:: WHAT IS EXPECTED ::
Pull out of the data below the stretch of lines bounded by the one containing "Σχολικό εγχειρίδιο Γεωμετρίας" and the one containing "东北 诺悠翩雅 Loro", both bounds included, unchanged.

:: THE DATA ::
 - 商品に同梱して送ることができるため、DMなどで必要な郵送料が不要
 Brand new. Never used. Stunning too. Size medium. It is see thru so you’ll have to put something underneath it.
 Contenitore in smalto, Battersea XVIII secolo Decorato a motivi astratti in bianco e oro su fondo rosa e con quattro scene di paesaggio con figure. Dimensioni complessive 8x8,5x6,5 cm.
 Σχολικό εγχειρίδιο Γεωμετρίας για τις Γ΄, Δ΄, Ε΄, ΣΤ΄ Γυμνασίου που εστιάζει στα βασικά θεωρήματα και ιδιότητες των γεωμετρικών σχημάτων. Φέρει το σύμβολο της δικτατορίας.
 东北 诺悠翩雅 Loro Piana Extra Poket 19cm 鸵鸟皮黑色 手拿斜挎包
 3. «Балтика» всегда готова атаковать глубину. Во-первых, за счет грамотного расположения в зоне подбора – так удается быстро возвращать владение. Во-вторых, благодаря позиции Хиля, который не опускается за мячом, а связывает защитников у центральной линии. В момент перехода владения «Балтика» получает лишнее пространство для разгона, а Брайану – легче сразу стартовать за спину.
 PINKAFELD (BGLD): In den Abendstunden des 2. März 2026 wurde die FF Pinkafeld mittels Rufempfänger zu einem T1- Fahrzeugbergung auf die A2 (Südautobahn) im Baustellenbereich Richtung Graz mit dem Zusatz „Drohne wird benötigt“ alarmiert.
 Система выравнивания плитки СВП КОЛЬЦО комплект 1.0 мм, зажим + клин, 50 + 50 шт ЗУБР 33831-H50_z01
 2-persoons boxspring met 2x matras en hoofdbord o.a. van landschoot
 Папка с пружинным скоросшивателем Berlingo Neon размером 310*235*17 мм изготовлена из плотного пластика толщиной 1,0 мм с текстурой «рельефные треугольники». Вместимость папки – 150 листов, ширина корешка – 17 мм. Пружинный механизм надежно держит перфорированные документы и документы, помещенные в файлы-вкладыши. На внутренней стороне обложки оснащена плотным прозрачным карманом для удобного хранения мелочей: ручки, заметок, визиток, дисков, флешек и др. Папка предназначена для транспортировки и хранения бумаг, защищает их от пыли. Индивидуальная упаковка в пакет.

:: TASK ANSWER ::
 Σχολικό εγχειρίδιο Γεωμετρίας για τις Γ΄, Δ΄, Ε΄, ΣΤ΄ Γυμνασίου που εστιάζει στα βασικά θεωρήματα και ιδιότητες των γεωμετρικών σχημάτων. Φέρει το σύμβολο της δικτατορίας.
 东北 诺悠翩雅 Loro Piana Extra Poket 19cm 鸵鸟皮黑色 手拿斜挎包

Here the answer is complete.